◆ WHAT THE TASK REQUIRES
Should any entry hold a picture, omit that picture and copy the rest of the entry exactly.

[Records from a collection]
___

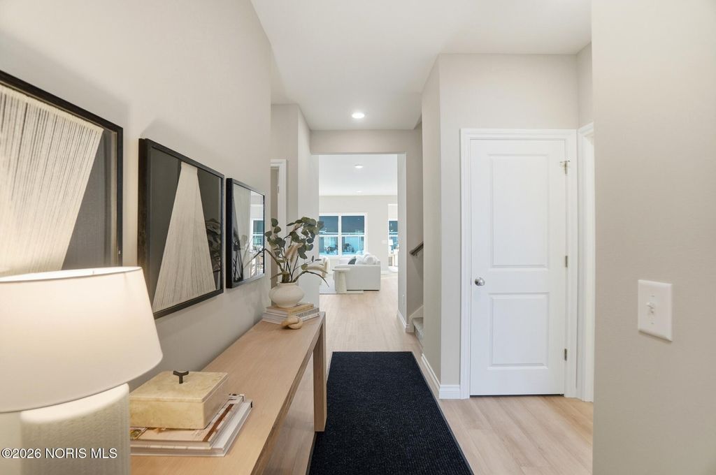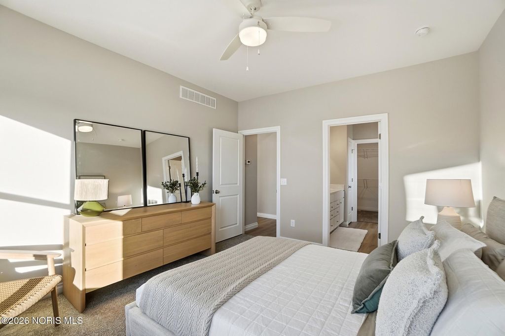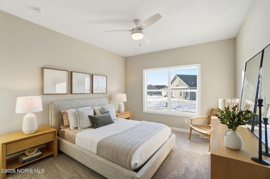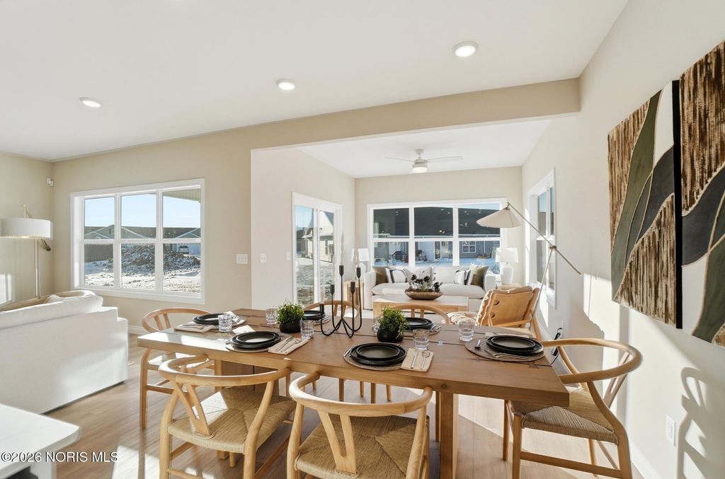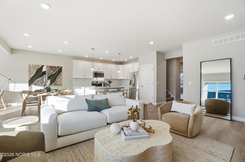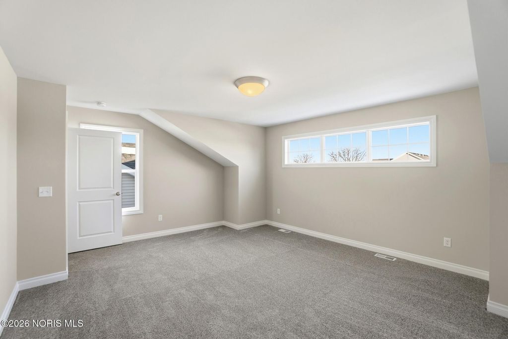 MODEL HOME by MR DEVELOPERS at THE FALLS AT RIVERS EDGE. Price shown based on Builder's upgraded features, including lot. This home is NOT for sale. The Villa features an open great room floor plan with 9' ceilings throughout the home. Shaker-style cabinets, quartz countertops, attractive luxury vinyl plank flooring, a bright sunroom, and a covered rear porch. Enjoy a spacious primary bedroom with an ensuite bath and large walk-in closet, an upper-level loft with a closet that could be used as a 3rd bedroom that walks into floored attic storage space, a main floor laundry, and a 2-car garage. HOA maintains lawn & snow for low maintenance lifestyle and also includes access to a clubhouse and outdoor pool.
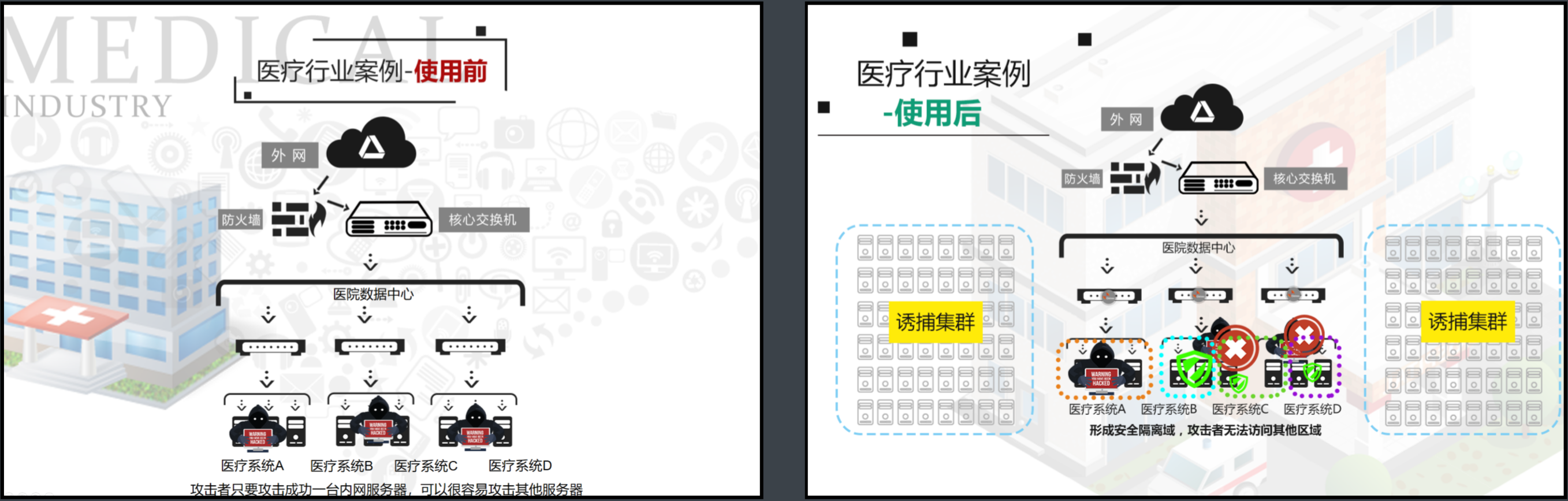 使用Oxtrea SwitchWALL可以对内网形成多个安全隔离域,可以减少内网索病毒大面积 发作的范围。同时通过全息诱捕功能,一旦发现内网中勒索病毒等恶意程序将立刻对来源进 行阻断并告警。
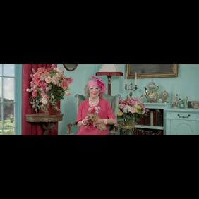 Does anyone know who this old white lady with a chihuahua is? We're guessing it may be the Queen of England.
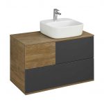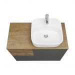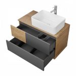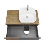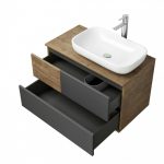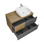 Мебель коллекции Терра сочетает в себе стильные оттенки: дуб кантри и антрацит. Тумба Терра 85 состоит из двух вместительных ящиков, открывающихся с помощью системы push-to-open, нижний ящик комплектуется системой организации пространства, которая препятствует смещению мелких косметических и гигиенических средств. Фасады ящиков — матовая серая пленка антрацит, а столешница, корпус и вставка на верхнем ящике — влагостойкое ДСП с текстурой дуб кантри.
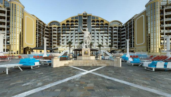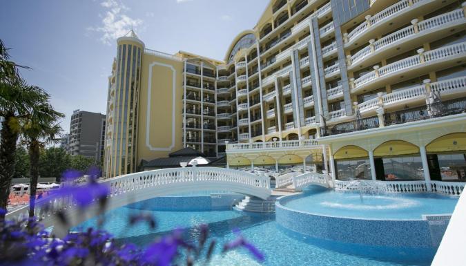 Расположен в северной части курорта Солнечный берег. Пляж находится через пешеходную набережную. Новый тип номера - DBL Superior (полностью отремонтированные номера) доступны - ТОЛЬКО на базе UAI. UAI включает в себя размещение DBL Superior, питание в отдельном ресторане и лежаки и зонтики на пляже при наличии свободных мест. Для туристов на ALL лежаки и зонтики на пляже платные!
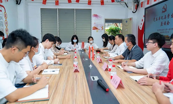 微党课结束后,傅志雄还与部分学生代表座谈,交流学习体会,共同研讨贯彻落实举措。同学们围绕成长成才、返乡助力乡村振兴等话题进行提问,傅志雄通过列举榜样人物、分享身边创业奋斗故事、乡村振兴典型案例等,勉励同学们要能吃苦、肯奋斗,励志成才,到祖国最需要的地方去,参与到全面建设社会主义现代化国家的火热实践中。
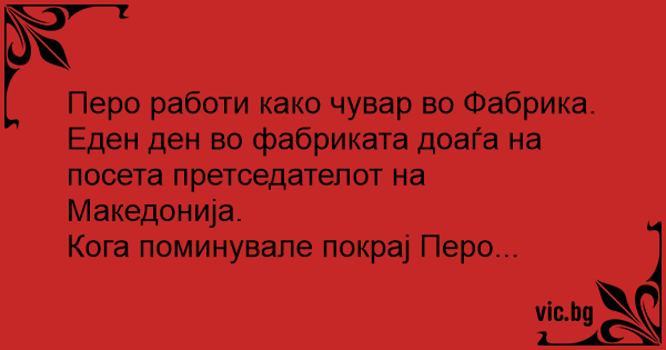 Перо работи како чувар во Фабрика.
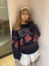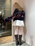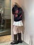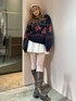 バラとリボンの柄が可愛いジャガードニット🧶 ゆったり着用できるサイズ感でミニ合わせがおすすめ✊🏻 ネイビーと赤の配色が大人っぽい雰囲気でお召しいただけます^ᴗ ̫ ᴗ^ スカートはボリュームたっぷりなコットンスカート☁️ レースタイツ合わせて甘めに着用しました🩰 ブーツは普段23cmでSサイズを着用しています!
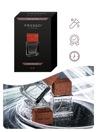 Fresso Dark Delight Air Perfume - wspaniała kompozycja zapachowa, zamknięta w ekskluzywnym szklanym flakonie perfum Fresso hipnotyzuje swą wyrazistą głębią. Nasadka wykonana z drewna podkreśla ich wyjątkowość.
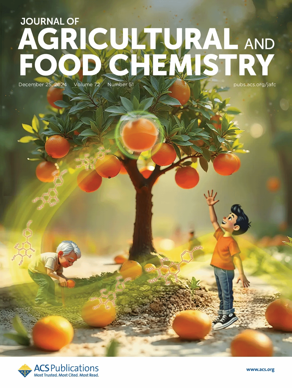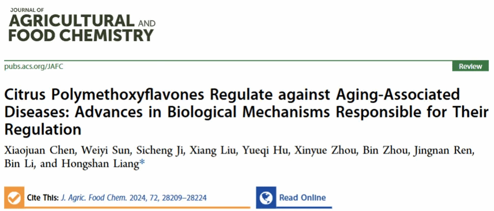 2024年12月11日,yL23411永利集团李斌教授团队梁宏闪副教授课题组在国际食品Top期刊《Journal of Agricultural and Food Chemistry》(Q1,IF=5.7)发表题为“Citrus Polymethoxyflavones Regulate against Aging-Associated Diseases: Advances in Biological Mechanisms Responsible for Their Regulation”的综述论文,2024年12月25日被选为封面论文。

___

◆ REPLY
 MODEL HOME by MR DEVELOPERS at THE FALLS AT RIVERS EDGE. Price shown based on Builder's upgraded features, including lot. This home is NOT for sale. The Villa features an open great room floor plan with 9' ceilings throughout the home. Shaker-style cabinets, quartz countertops, attractive luxury vinyl plank flooring, a bright sunroom, and a covered rear porch. Enjoy a spacious primary bedroom with an ensuite bath and large walk-in closet, an upper-level loft with a closet that could be used as a 3rd bedroom that walks into floored attic storage space, a main floor laundry, and a 2-car garage. HOA maintains lawn & snow for low maintenance lifestyle and also includes access to a clubhouse and outdoor pool.
 使用Oxtrea SwitchWALL可以对内网形成多个安全隔离域,可以减少内网索病毒大面积 发作的范围。同时通过全息诱捕功能,一旦发现内网中勒索病毒等恶意程序将立刻对来源进 行阻断并告警。
 Does anyone know who this old white lady with a chihuahua is? We're guessing it may be the Queen of England.
 Мебель коллекции Терра сочетает в себе стильные оттенки: дуб кантри и антрацит. Тумба Терра 85 состоит из двух вместительных ящиков, открывающихся с помощью системы push-to-open, нижний ящик комплектуется системой организации пространства, которая препятствует смещению мелких косметических и гигиенических средств. Фасады ящиков — матовая серая пленка антрацит, а столешница, корпус и вставка на верхнем ящике — влагостойкое ДСП с текстурой дуб кантри.
 Расположен в северной части курорта Солнечный берег. Пляж находится через пешеходную набережную. Новый тип номера - DBL Superior (полностью отремонтированные номера) доступны - ТОЛЬКО на базе UAI. UAI включает в себя размещение DBL Superior, питание в отдельном ресторане и лежаки и зонтики на пляже при наличии свободных мест. Для туристов на ALL лежаки и зонтики на пляже платные!
 微党课结束后,傅志雄还与部分学生代表座谈,交流学习体会,共同研讨贯彻落实举措。同学们围绕成长成才、返乡助力乡村振兴等话题进行提问,傅志雄通过列举榜样人物、分享身边创业奋斗故事、乡村振兴典型案例等,勉励同学们要能吃苦、肯奋斗,励志成才,到祖国最需要的地方去,参与到全面建设社会主义现代化国家的火热实践中。
 Перо работи како чувар во Фабрика.
 バラとリボンの柄が可愛いジャガードニット🧶 ゆったり着用できるサイズ感でミニ合わせがおすすめ✊🏻 ネイビーと赤の配色が大人っぽい雰囲気でお召しいただけます^ᴗ ̫ ᴗ^ スカートはボリュームたっぷりなコットンスカート☁️ レースタイツ合わせて甘めに着用しました🩰 ブーツは普段23cmでSサイズを着用しています!
 Fresso Dark Delight Air Perfume - wspaniała kompozycja zapachowa, zamknięta w ekskluzywnym szklanym flakonie perfum Fresso hipnotyzuje swą wyrazistą głębią. Nasadka wykonana z drewna podkreśla ich wyjątkowość.
 2024年12月11日,yL23411永利集团李斌教授团队梁宏闪副教授课题组在国际食品Top期刊《Journal of Agricultural and Food Chemistry》(Q1,IF=5.7)发表题为“Citrus Polymethoxyflavones Regulate against Aging-Associated Diseases: Advances in Biological Mechanisms Responsible for Their Regulation”的综述论文,2024年12月25日被选为封面论文。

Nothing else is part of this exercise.